===== MATERIAL SUPPLIED =====
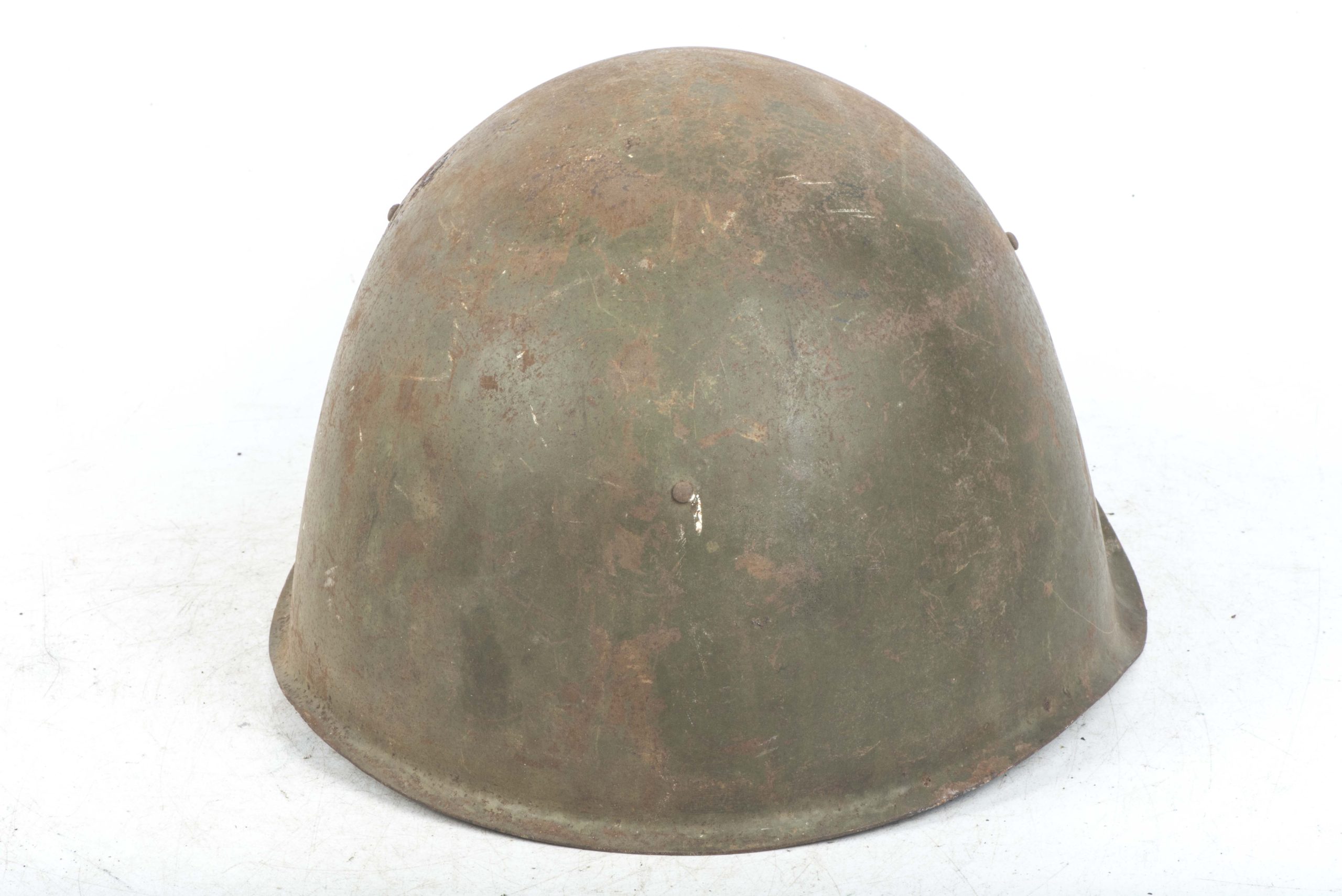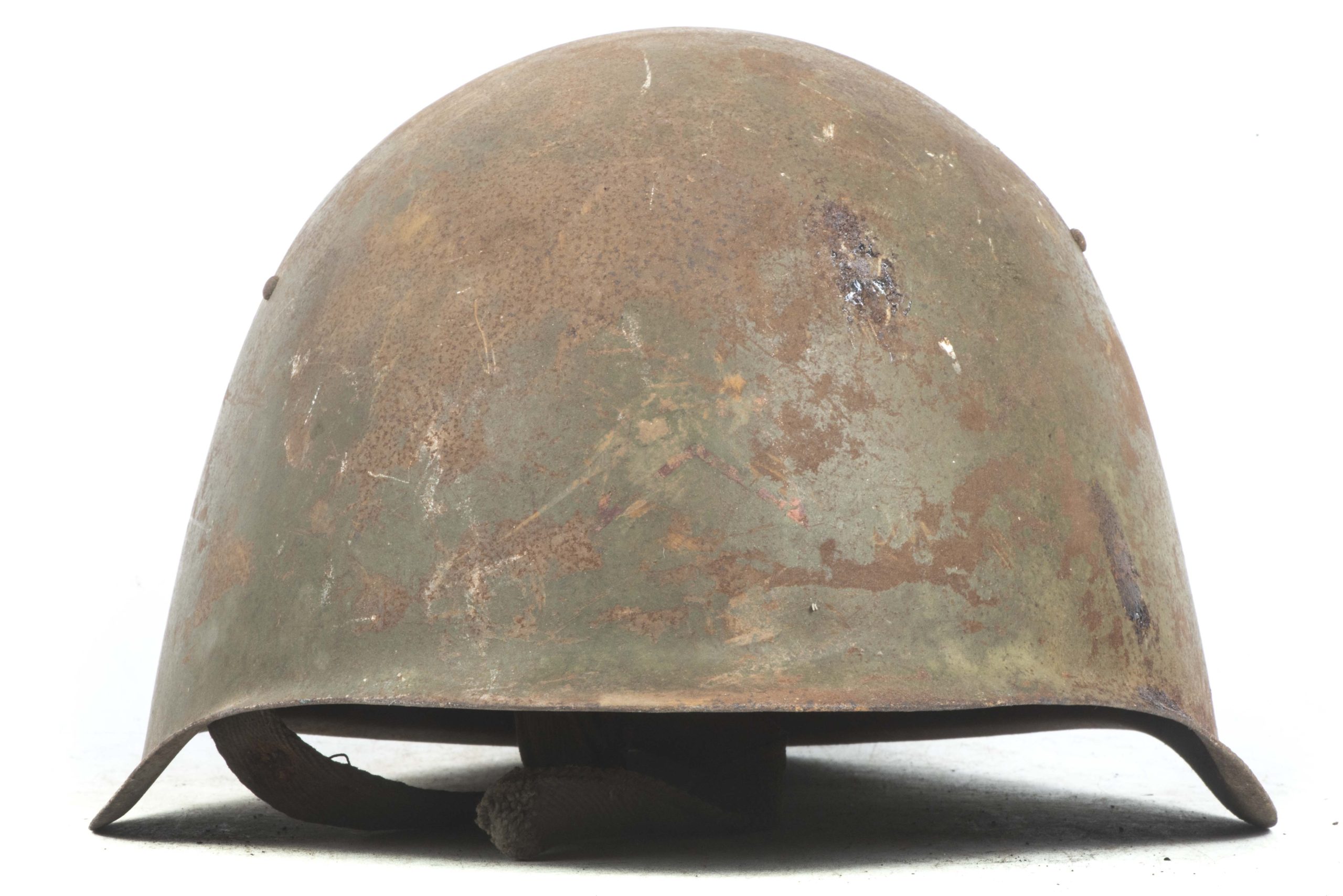 Rare Russian SSH-39 helmet in untouched condition. Complete with the stenciled red star on the front. The helmet retains its original liner and chinstrap. Hard to find example!
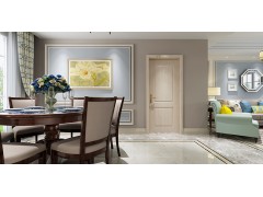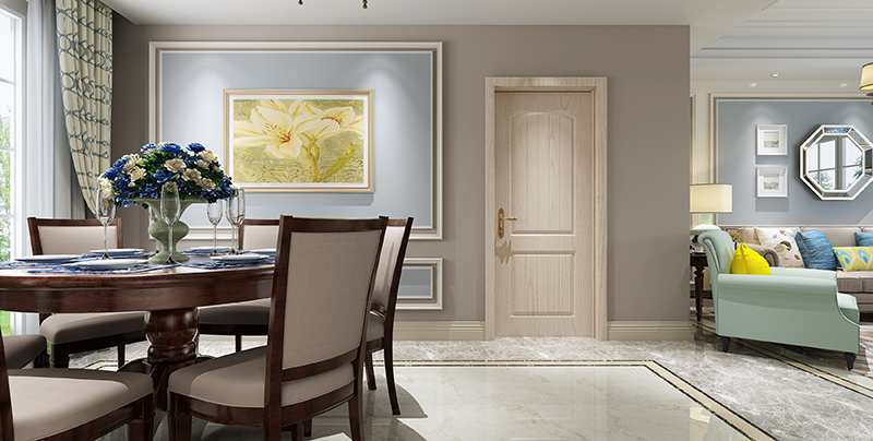 素雅的欧式简约设计,高级灰与淡蓝的墙漆、清冷的大理石地板、冷淡色系的沙发,营造大方雅致的空间,而白木纹的室内门,既呼应整体氛围,又以其特有的木纹色泽缓和了居室的清冷。
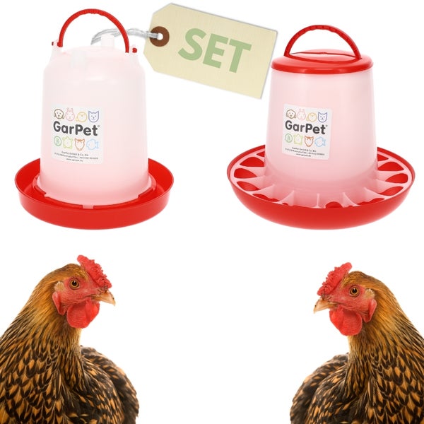 Zusätzlich kann das Set als Hühnertränke outdoor genutzt werden und lässt sich flexibel aufstellen oder aufhängen. Als praktisches Hühnerstall Zubehör ergänzt es Deine Ausstattung sinnvoll.
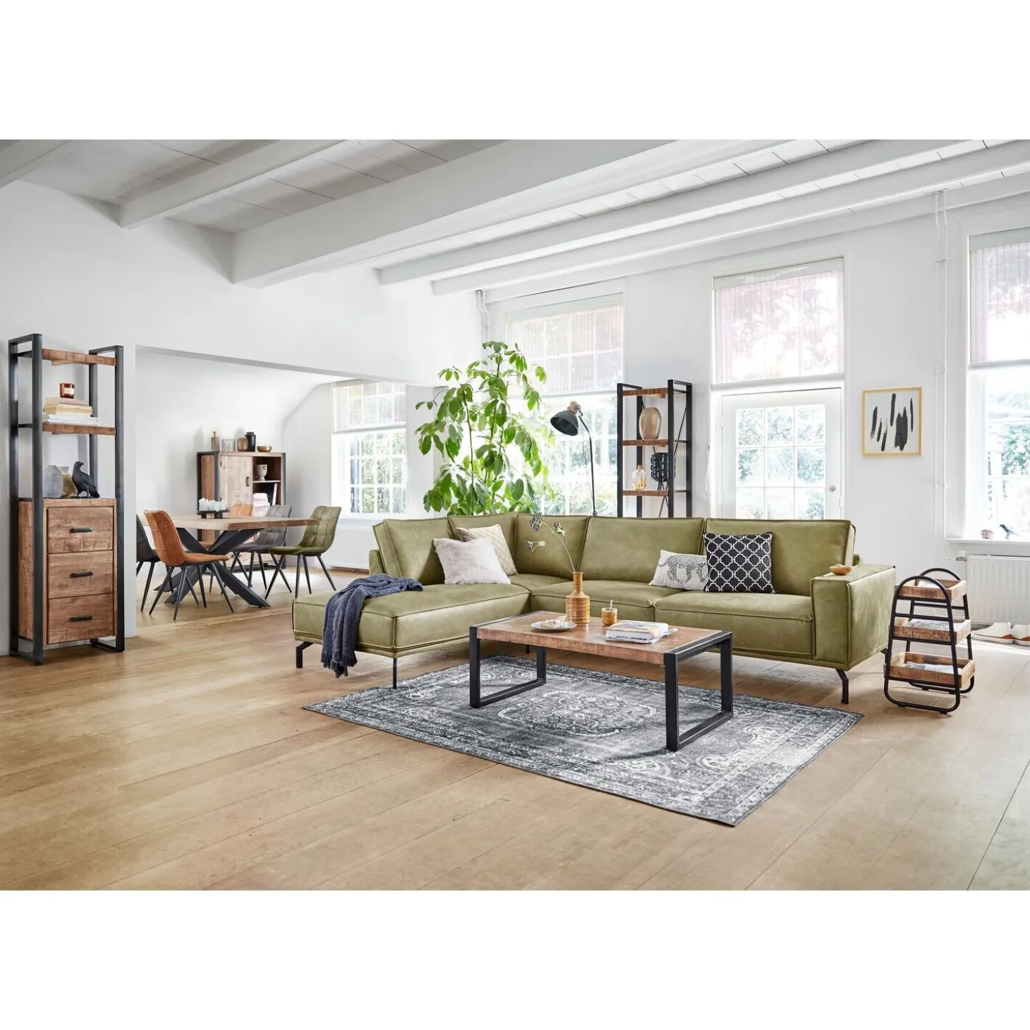 | Uitvoering | Hoek met eiland links + 3 zits arm rechts, uitgevoerd in microleder bull 59-moss met HR-koudschuim in de zitting, mix van polyetherschuim- en siliconenvlokken in de rug en zwarte metalen poten hoogte 17 cm. |
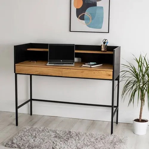 With its oak-effect finish, wrap-around design, and black metal legs, the Otto desk brings a modern touch to any workspace. Stylish drawers provide convenient storage for your work essentials, helping you stay organised while maintaining a clutter-free environment.
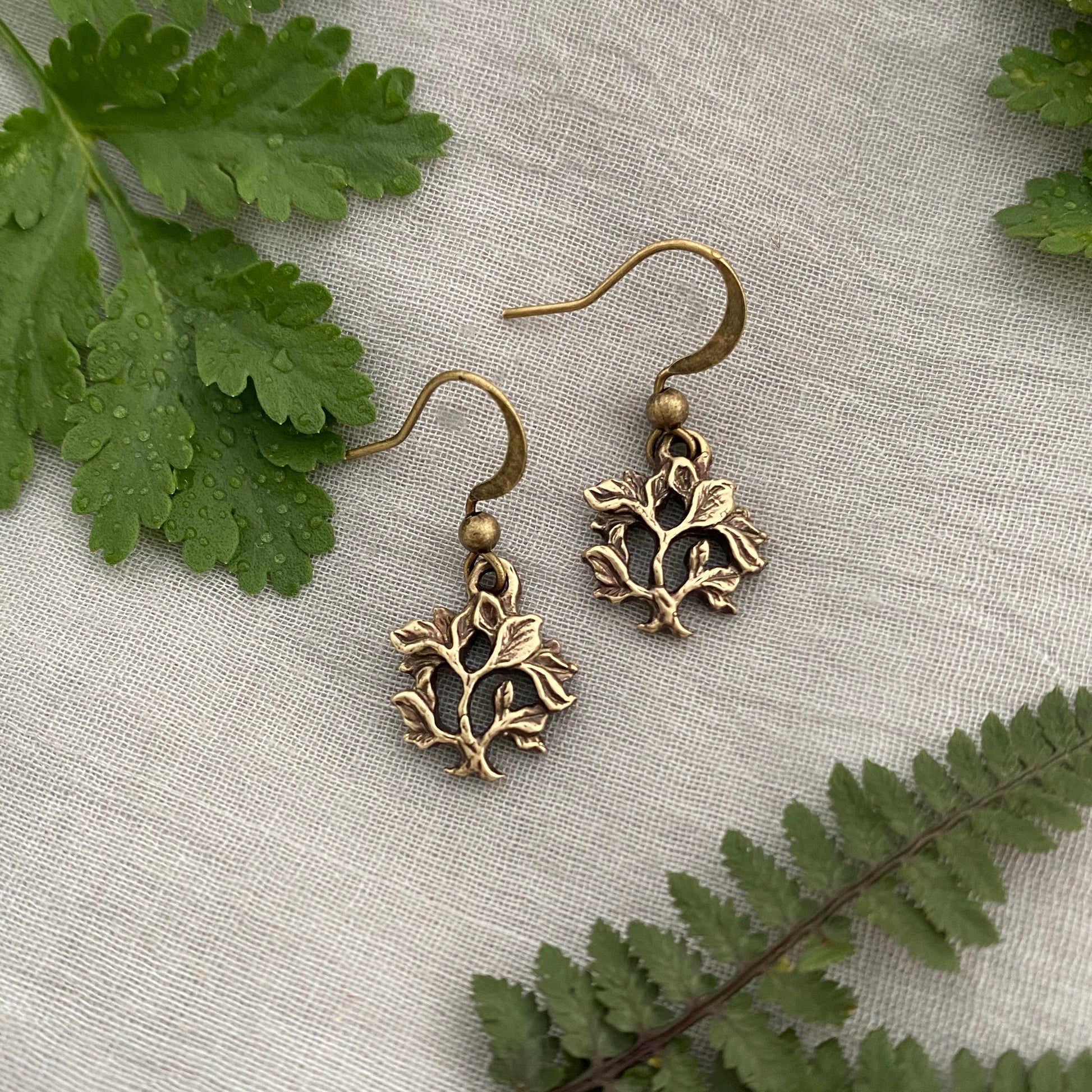 I first carved the little tree in jewelers wax, then had it reproduced in brass by a casting house in the USA. I oxidize and sensitively hand finish each piece. They hang on antiqued brass ear hooks.
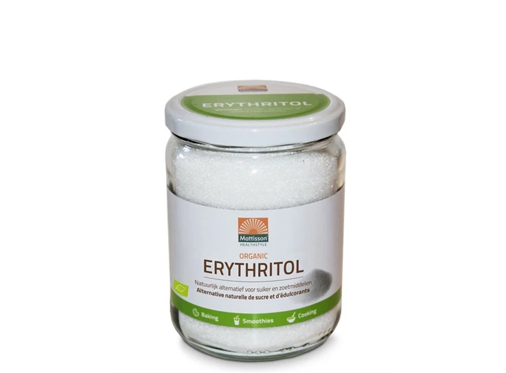 Erythritol is een natuurlijke zoetstof die van nature voorkomt in sommige paddenstoelen, vruchten (o.a. watermeloen, druif en peer) en gefermenteerde voeding zoals wijn, kaas en soja-saus. Erythritol is de enige natuurlijke polyol en is geproduceerd middels natuurlijke fermentatie en heeft ongeveer 70% van de zoetkracht van gewone suiker. Erythritol is een ideale vervanger van riet-, bietsuiker of andere zoetmiddelen. Geeft een heerlijke zoete smaak aan smoothies, yoghurt, tussendoortjes, dranken, ijs en andere (na)gerechten.
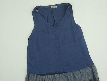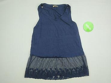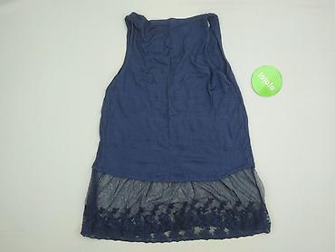 Ażurowa bluzka bez rękawów – damska - Kolor: granatowy - Krój: luźny, rozszerzany po bokach; lekko dłuższe, nieregularne boki dla zwiewnego efektu - Dekolt: okrągły - Materiał: koronkowa/siateczko...Rozmiar:
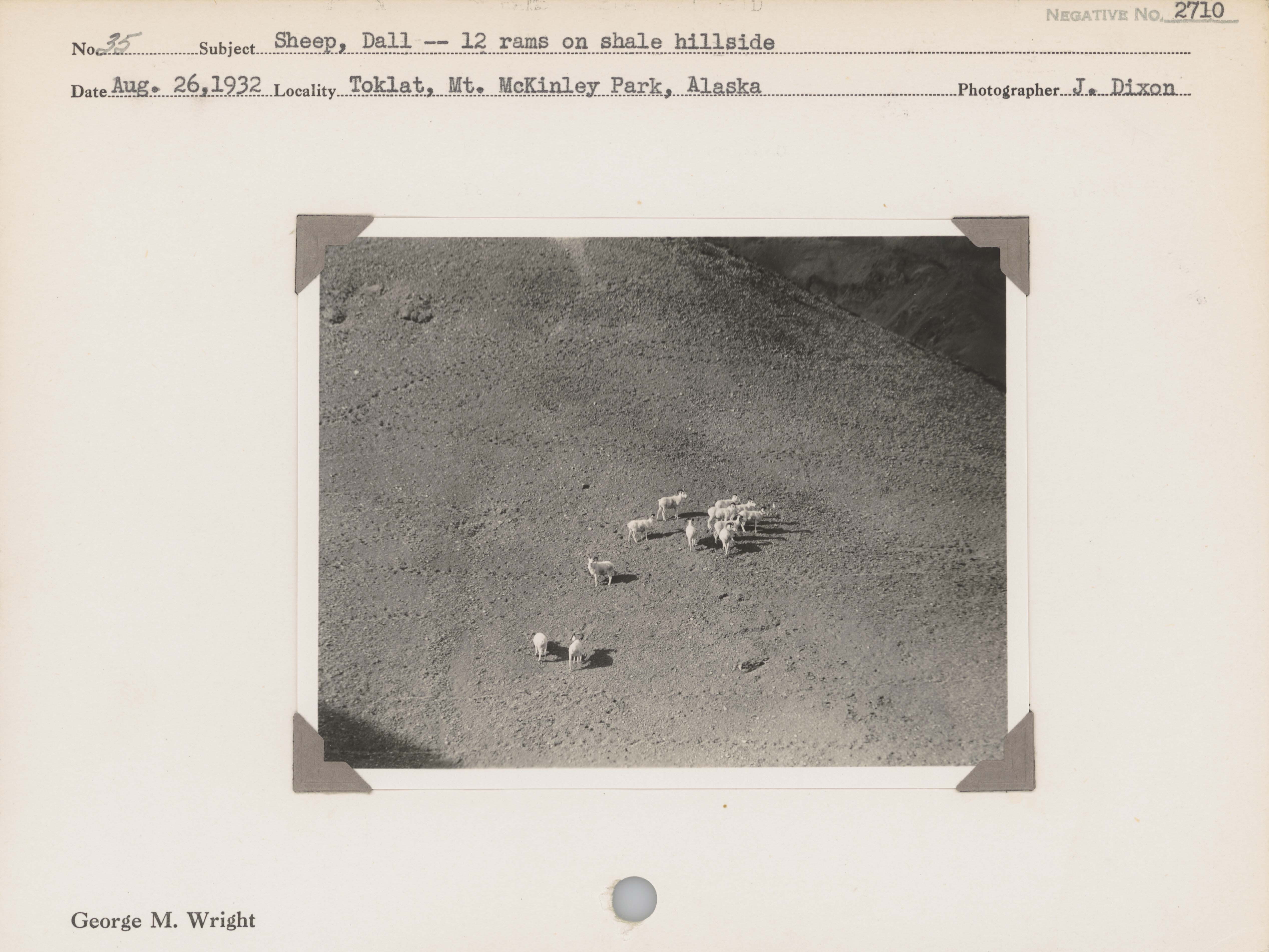 Sheep, Dall--Twelve rams on shale hillside. Locality: Toklat, Mount McKinley Park, Alaska [Denali National Park & Preserve]. Negative #: 2710
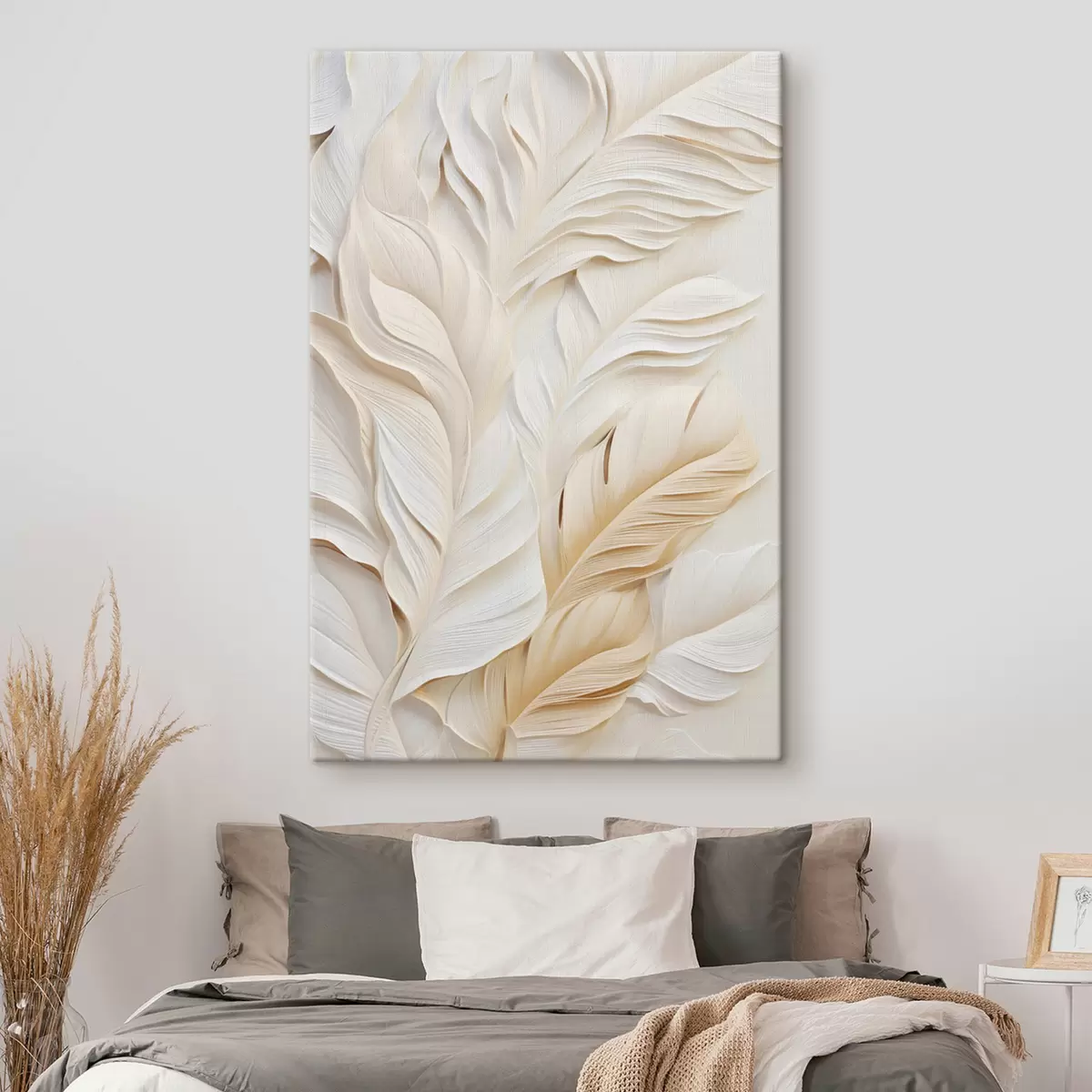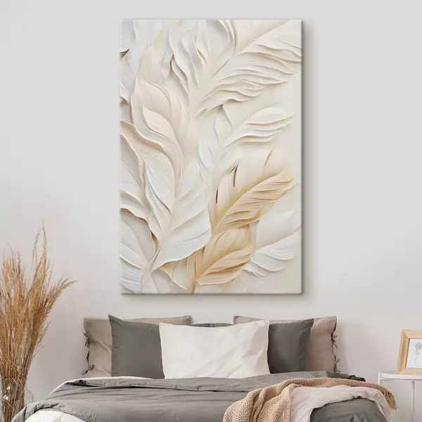 Obraz Krémově zbarvené peří překrývající se navzájem, s jemným, světlým pozadím Č. s47884
=====
• YOUR TASK: Omit the pictures, and please restate word for word the lines running from the line with "Zusätzlich kann das" to the end of the entries.

• RESULT BELOW:
 Zusätzlich kann das Set als Hühnertränke outdoor genutzt werden und lässt sich flexibel aufstellen oder aufhängen. Als praktisches Hühnerstall Zubehör ergänzt es Deine Ausstattung sinnvoll.
 | Uitvoering | Hoek met eiland links + 3 zits arm rechts, uitgevoerd in microleder bull 59-moss met HR-koudschuim in de zitting, mix van polyetherschuim- en siliconenvlokken in de rug en zwarte metalen poten hoogte 17 cm. |
 With its oak-effect finish, wrap-around design, and black metal legs, the Otto desk brings a modern touch to any workspace. Stylish drawers provide convenient storage for your work essentials, helping you stay organised while maintaining a clutter-free environment.
 I first carved the little tree in jewelers wax, then had it reproduced in brass by a casting house in the USA. I oxidize and sensitively hand finish each piece. They hang on antiqued brass ear hooks.
 Erythritol is een natuurlijke zoetstof die van nature voorkomt in sommige paddenstoelen, vruchten (o.a. watermeloen, druif en peer) en gefermenteerde voeding zoals wijn, kaas en soja-saus. Erythritol is de enige natuurlijke polyol en is geproduceerd middels natuurlijke fermentatie en heeft ongeveer 70% van de zoetkracht van gewone suiker. Erythritol is een ideale vervanger van riet-, bietsuiker of andere zoetmiddelen. Geeft een heerlijke zoete smaak aan smoothies, yoghurt, tussendoortjes, dranken, ijs en andere (na)gerechten.
 Ażurowa bluzka bez rękawów – damska - Kolor: granatowy - Krój: luźny, rozszerzany po bokach; lekko dłuższe, nieregularne boki dla zwiewnego efektu - Dekolt: okrągły - Materiał: koronkowa/siateczko...Rozmiar:
 Sheep, Dall--Twelve rams on shale hillside. Locality: Toklat, Mount McKinley Park, Alaska [Denali National Park & Preserve]. Negative #: 2710
 Obraz Krémově zbarvené peří překrývající se navzájem, s jemným, světlým pozadím Č. s47884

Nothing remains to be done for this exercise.